Honestly, as much as we thought Foxxy was the sun, moon and stars in our lives, she was just property before the law. That's the big stick in the whole clockwork. If life was good and just, this guy would be put in the same as any person who was guilty of negligent homicide. Can't do it. My lawyer says that finding a value for foxxy will be difficult because she was a rescue and the only value we can really truthfully attach to her is emotional, which is something notoriously hard to place a value on, and something a jury would have to decide.

His arraignment hearing is August 30. I thought it would be the 16th but it got pushed back.


----------



## CuddlesMom (Feb 22, 2014)

I'm so sorry to hear what happened to your poor girl . That sounds like a terrible way to lose a chi. If that ever happened to my little girl, I would be devastated. 
It is a very scary world we live in, in which we have to carefully watch every corner for dangerous dogs and reckless owners.

The owner truly sounds like total scum. He probably doesn't even realize it's his own fault his dog is going to be euthanized.


----------



## Huly (Mar 5, 2012)

Hugs and prayers!


----------



## lyredragon (Jul 28, 2010)

CuddlesMom said:


> . He probably doesn't even realize it's his own fault his dog is going to be euthanized.


Yes and that is devistating. Because that is the truth. the truth is that no dog had to die. Foxxy didn't have to die. His dog didn't have o die. DA dogs live and love their families every day for good long lives. FOxxy was DA, and that is because this wasn't the first dog attack we've suffered through. It was, in fact, the seventh.

The first was a pair of off leash boston terriers in spring 2010. We were at the poo post and the owner just thought his dogs would follow him around and not get into trouble. At that time we had only foxxy, so it was easy to pull her up, but I still got clawed up by his beasts.

August 2010, a lady with a mutt she had been keepin cooped up on her porch illegally while she healed from knee surgery had a leash and collar on her dog, but too loose, and the moment it saw Tag and Foxxy it slipped off the collar and made a beeline for us.
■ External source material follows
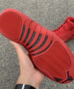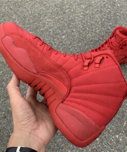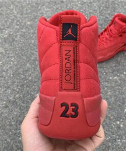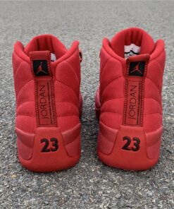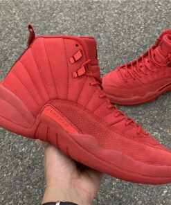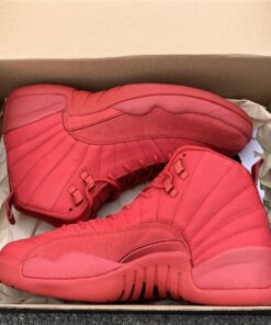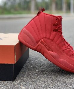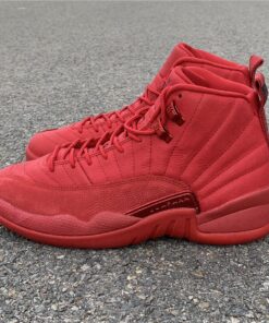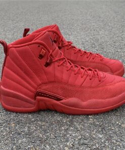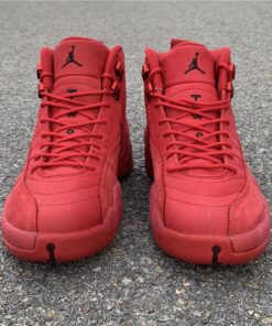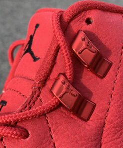 Dressed in the classic Chicago Bulls color scheme. This Air Jordan 12 features a full Gym Red leather upper atop a matching Red rubber sole. Black detailing throughout completes the Bulls theme.

That time I had to crouch down and put my back to the attacking dog with my dogs underneath me.

The third was an incident at a socialization class shortly after that. Someone brought their wound up, mouthy brittany to class, and it wanted to bite foxxy. I'm sure it thought it was playing, but it had no manners. That was the trainer's fault for not telling that person to leave their dog out. We never went back to that class.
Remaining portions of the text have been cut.